JPEG is intended to be a finished ready-to-print file type that has already been 'finished' in the camera. Many photographers prefer to do the 'finishing' them selves because the camera is just a dumb (inanimate) machine that is running a program written by software engineers long before you ever took the photo.
Put another way, how much artistic control are you willing to grant the machine?

DSLR cameras make 12-bit or 14-bit Raw image files. JPEG is limited to an 8-bit color depth.

A 8-bit digital number - 11111111 - can represent only 256 distinct gradations of tone (color).
A 12-bit digital number - 111111111111 - can represent only 4096 distinct gradations of tone (color).
A 14-bit digital number - 11111111111111 - can represent only 16,384 distinct gradations of tone (color).

Since digital images are based on the RGB color model, a digital image has 3 color channels - Red, Green, and Blue.

So a JPEG is also known as a 24-bit image because it has 3, 8-bit color channels - 3 color channels x 8-bits per color channel = 24-bit digital image.
By the same token a 12-bit digital image is also known as a 36-bit image - 3 color channels times 12-bits per color channel = 32-bit digital image.

Raw files have to be converted into an actual image outside of the camera in one of the many Raw Converters.
JPEGs are most often made right in the camera, thought eh camera starts with a Raw file for every image it delivers.
But to make a JPEG in the camera, the camera has to discard a lot of the color information the camera image sensor actually recorded.

FWIW, the image sensor in a digital camera actually cannot record color, the image sensor can only record luminosity.

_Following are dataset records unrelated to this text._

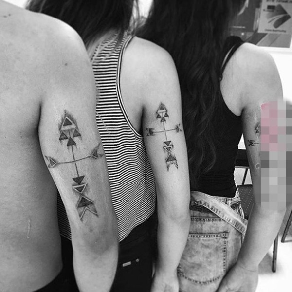女生手臂上黑色点刺几何线条箭头纹身图片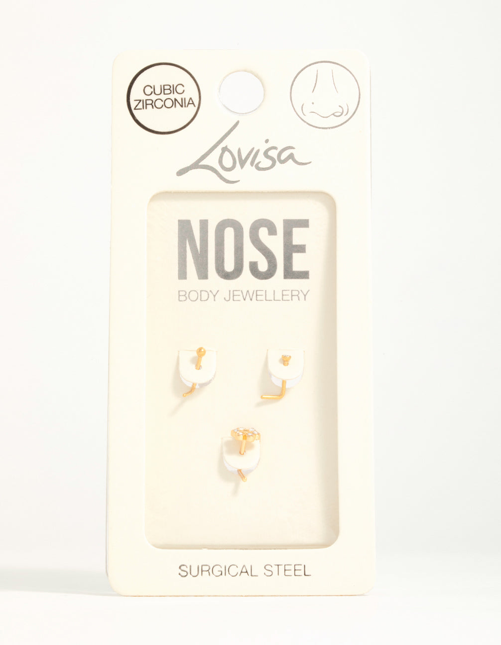 Gold Plated Surgical Steel Cubic Zirconia Flower Nose Piercings 3-Pack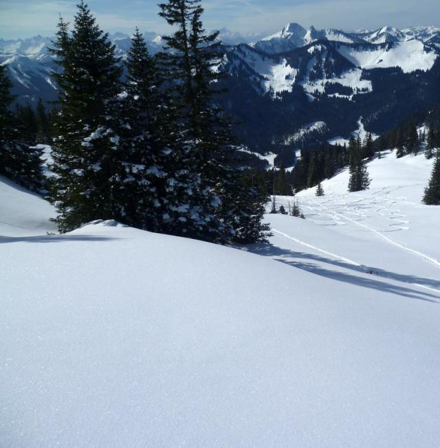 Tourenverhältnisse: Der Weg bis zur Bergwachthütte ist trotz der Schneefälle vom Freitag schon wieder komplett aper, ab dann gestern beste Bedingungen bis zum Gipfel. Bei der Abfahrt bis zum Schlepplift oben etwas verblasener Pulver, etwa 100HM unterhalb des Gipfel traumhafte 15cm Pulver, der im Schatten auch bis zum Nachmittag nicht feucht wurde. Und es gab noch genügend unverspurte Breiche. Kleiner Aufstieg über die Piste bis zum Taubensteinhaus und dann Abfahrt über die Piste bis zum Parkplatz der Taubensteinbahn. Auch hier war bis nach unten der Schnee im Schatten noch pulvrig.
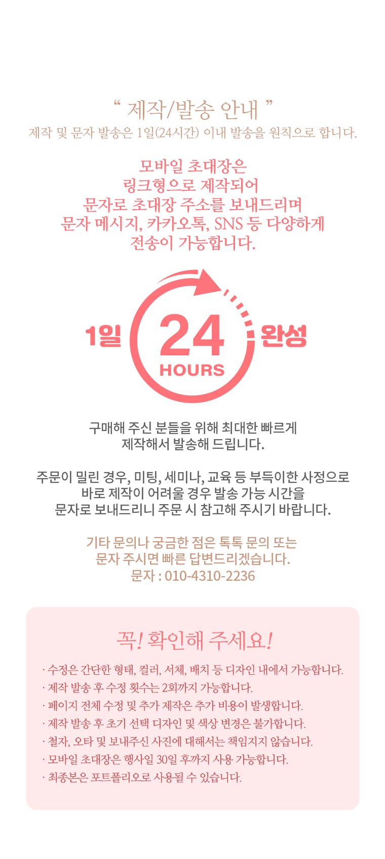 결제 후 1일 이내 제작 완료되며, 카카오톡이나 문자로 간편하게 전송 가능합니다.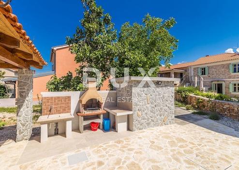 Steinhaus mit Pool im Zentrum der Insel Krk mit einem schönen Garten und Pool. Es besteht aus zwei Wohnungen von jeweils 75 m2. Jedes verfügt über zwei Zweibettzimmer und ein Badezimmer. Ebenfalls im Besitz sind zwei große Terrassen.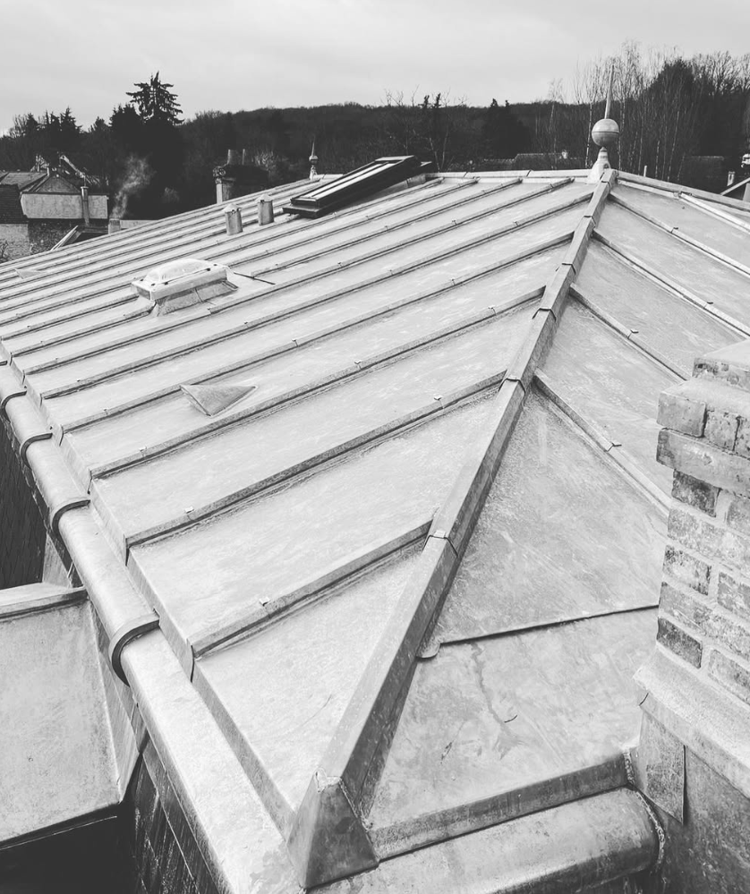• Toitures plates en zinc, en bac acier ou en Rhépanol® : terrasse à tasseaux et joints debouts.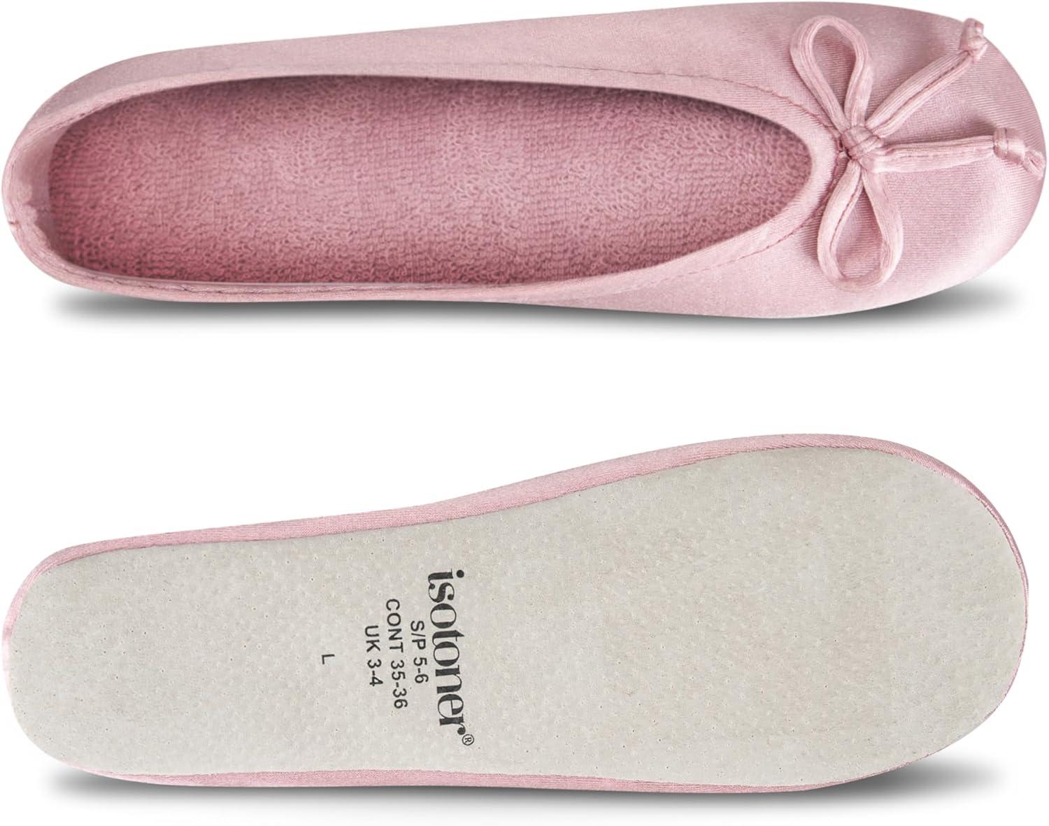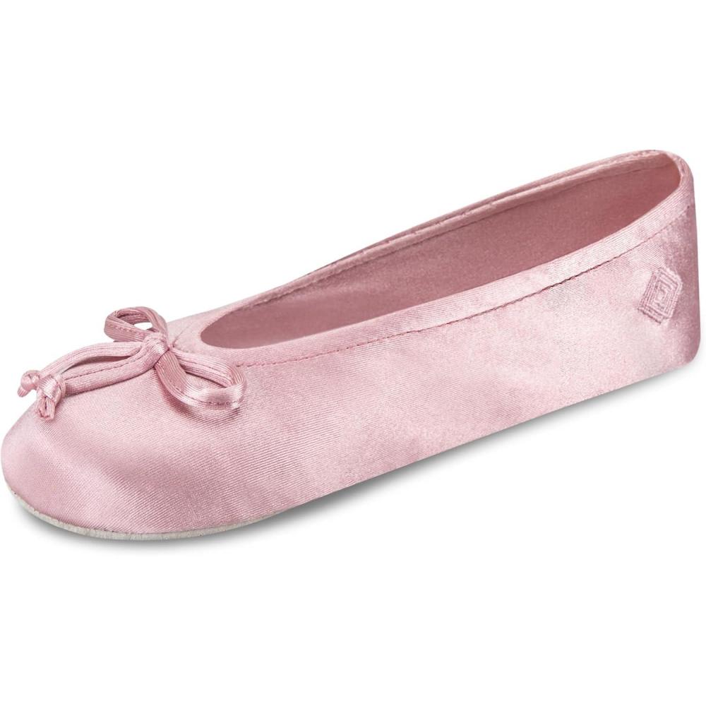 ISOTONER SATIN BALLERINA SLIPPER: Classic, timeless and supremely soft, isotoner ballerina slippers never go out of style. Transporting your feet to a relaxing spa with every step, these feminine ballet slippers for women are made with luxurious stretch satin for chic style and the perfect comfort fit. A super-soft cotton-blend terry provides breathability and cozy comfort all year round, and the lightweight women’s slippers are finished with an Isoflex comfort insole that conforms with your feet, and a genuine suede outsole for improved durability. Perfectly pretty for relaxing at home, these satin slippers are also ideal for weddings and events, and are a favorite with bridal parties. Simply fold the flexible travel slippers and toss them in your purse if you think your feet are in for a tough day – when your pumps start to pinch, just slip them off and replace them with these cushioned indoor shoes for ultimate comfort. The luxurious satin fabric and bow maintain your elegant look, and your sore, tired feet will thank you! The satin indoor slippers feature 4-way stretch fabric and an elasticized topline, and the comfy slippers are easy to keep hygienically clean, however much you wear them. When your new favorite slipper shoes need refreshing, just place them in the washing machine in cool water and dry flat away from heat. They will look and feel as good as new. This woman’s slipper runs small, so we recommend ordering the next size up for the most comfortable and flexible fit. For perfect pirouettes around the house, check out ISOTONER's Classic Satin slipper. This sweet offering in fabric boasts a cushioned insole for comfort and an elasticized topline for a secure fit. Machine washability ensures easy wear.

Color has to be interpolated based on a filter (Bayer Array) in front of the image sensor.
These and and other fundamental concepts are found in this group of related tutorials - Photo Editing Tutorials


----------



## Juga (Jul 6, 2013)

RAW! Because if you yell it with a deep and scratchy voice it kind of sounds like a dinosaur...which is cool for everyone involved.


----------



## tecboy (Jul 6, 2013)

I started out shooting jpeg until this forum convinced me to shoot raw file format.  I used to shoot raw, edit, export to hi-res jpeg, and delete all my raw files to save storage space.  Now, I keep all my raw files because on the market, portable hard drives are getting cheaper and the capacities are getting larger .  If you going to be a photographer far a long time and enjoy editing photos, shoot raw.  You get better quality and you can edit photos again and again.


----------



## Buckster (Jul 6, 2013)

weepete said:


> Raw for ones you want to keep and edit. Jpeg for snapshots and ones you won't edit.

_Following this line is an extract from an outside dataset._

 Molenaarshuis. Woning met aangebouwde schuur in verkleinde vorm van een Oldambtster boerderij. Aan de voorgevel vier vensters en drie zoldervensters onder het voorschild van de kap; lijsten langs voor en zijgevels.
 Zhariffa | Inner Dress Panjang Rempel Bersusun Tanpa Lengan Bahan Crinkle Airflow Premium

I never know for sure which ones I will want to keep and edit and further distribute by some means.  Even when I think I'm just making a few snapshots and expect them be throwaways, I could get a shot that just screams WOW for some reason.

Therefore, I always shoot RAW, all the time, no exceptions - ever.


----------



## 480sparky (Jul 6, 2013)

Buckster said:


> .......Therefore, I always shoot RAW, all the time, no exceptions - ever.



The only time I shoot JPEG is when it's either to simply post a sample on the innernets, or to email someone.  Past that, it's raw all day, every day.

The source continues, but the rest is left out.